Q: You were at forefront of 2006 FRCP Discovery Rules changes… there were 1000s of comments. What do you expect to see coming in rules changes?

A: First big change is Rule 26, describing the scope of discovery. Scope now relates only to claims and defenses. This narrows scope. Now, for the first time, scope relates to proportionality. This is huge. Rules say “relevant and proportional” and offer six factors for court to consider. Litigant can object on discovery request not being proportionate. I’m not sure how this will play out in motions practice but it’s new arrow in quiver. The rules do not say who has burden of proof re proportionality. There is also an explicit cost-shifting provision.

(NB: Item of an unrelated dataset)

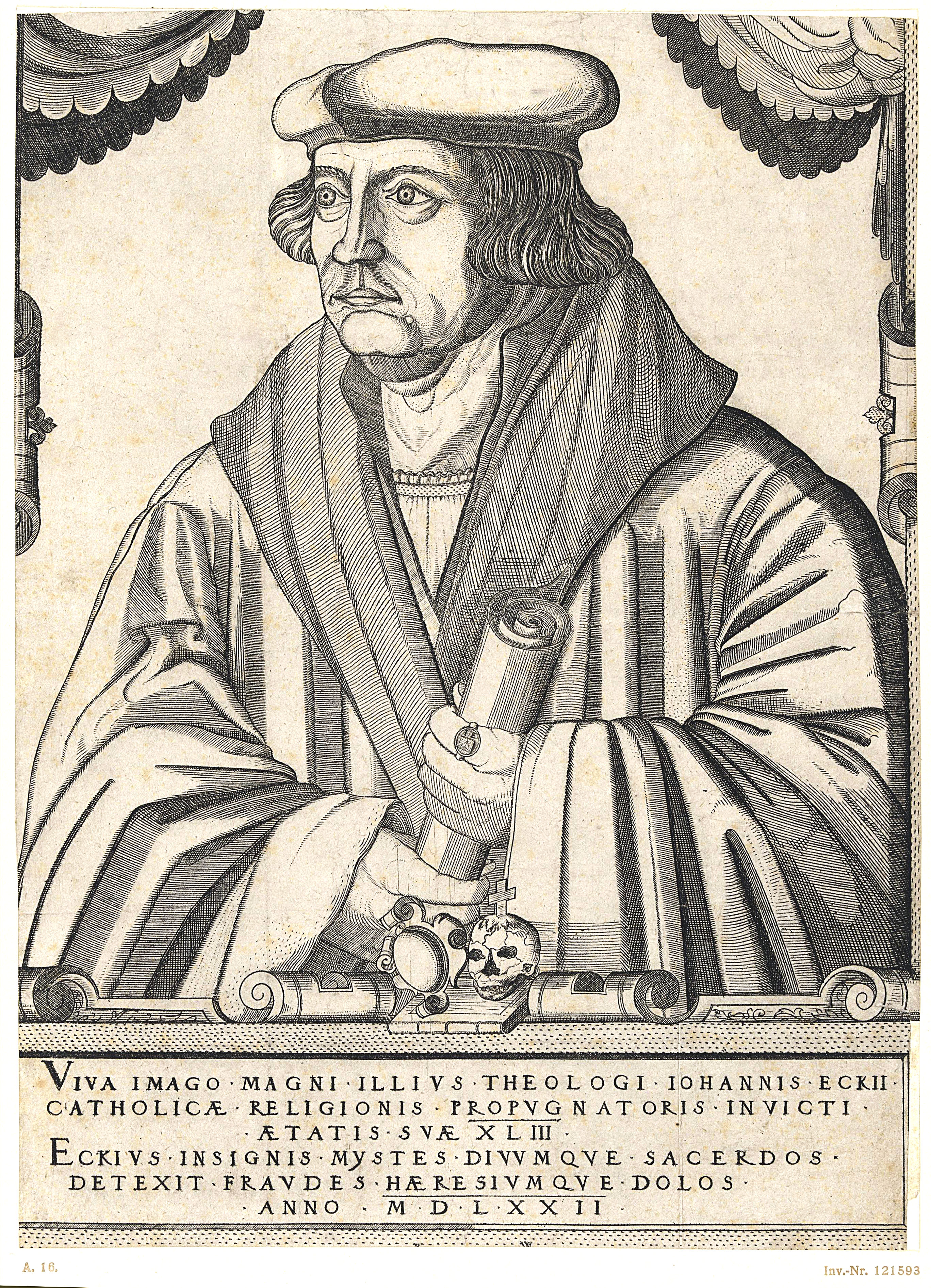 요한 에크는 독일의 가톨릭 사제이자 신학자로, 잉골슈타트 대학교의 신학 교수로서 대학을 가톨릭 거점으로 만들고 마르틴 루터의 종교 개혁에 반대하며 라이프치히 논쟁에 참여했으며, 교황의 권위를 옹호하고 종교 재판관으로 활동하며 이단 박해에 앞장섰다. - 라이프치히 논쟁 - 마르틴 루터
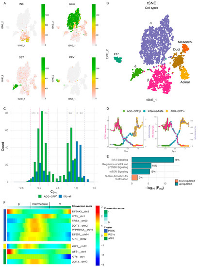 - Xin, Y.; Gutierrez, G.D.; Okamoto, H.; Kim, J.; Lee, A.-H.; Adler, C.; Ni, M.; Yancopoulos, G.D.; Murphy, A.J.; Gromada, J. Pseudotime Ordering of Single Human β-Cells Reveals States of Insulin Production and Unfolded Protein Response. Diabetes 2018, 67, 1783–1794. [Google Scholar] [CrossRef] [PubMed] [Green Version]

There are also rules re sanctions. These will have an impact. “Intent to deprive” replaces “mere negligence” in sanction / default for failing to produce documents. But litigant can put facts about lost documents in front of jury. Thinks this is a back door to adverse inferences. What the rule does not do is set forth more guidance on preservation of documents.

Q: From your side of bench, what do you see in change in legal practice? What about players that are not traditional law firms?

A: I know that tech and vendors and consultants are becoming part of law firms and law departments. They may even be blurring the lines of the practice of law. Ethical rules say lawyers must supervise – so they are still ultimately responsible.

Another reason for there being fewer trials is that so much is recorded now. With so much email and text, we have more complete records. “The proof is incontestable.”

Q: You have been hard on corporations for failing to issue legal holds. Are you comfortable saying to lawyers and firms that you have to do a better job “taming the chaos” of data?

A: Sanctions only kick-in on reasonable anticipation of litigation AND reasonable steps to preserve. Courts will have to assess what “reasonable steps” mean. Law does not say holds are mandatory but failure to issue litigation holds may strongly favor a finding that reasonable steps were not taken.

Impact of tech on the courtroom… e-filing allows judges quick and access to decisions and docket contents. Presentations to courts have changed dramatically. There is no jury trail without PowerPoint, screens. Video conferences are big.

Q: What can courts do to reduce costs?

A: Decide motions quickly. It’s terrible for judges to sit on motions. An efficient judge decides motions promptly. Also, we don’t need motions for everything. Write letters to me – I don’t need briefs on everything.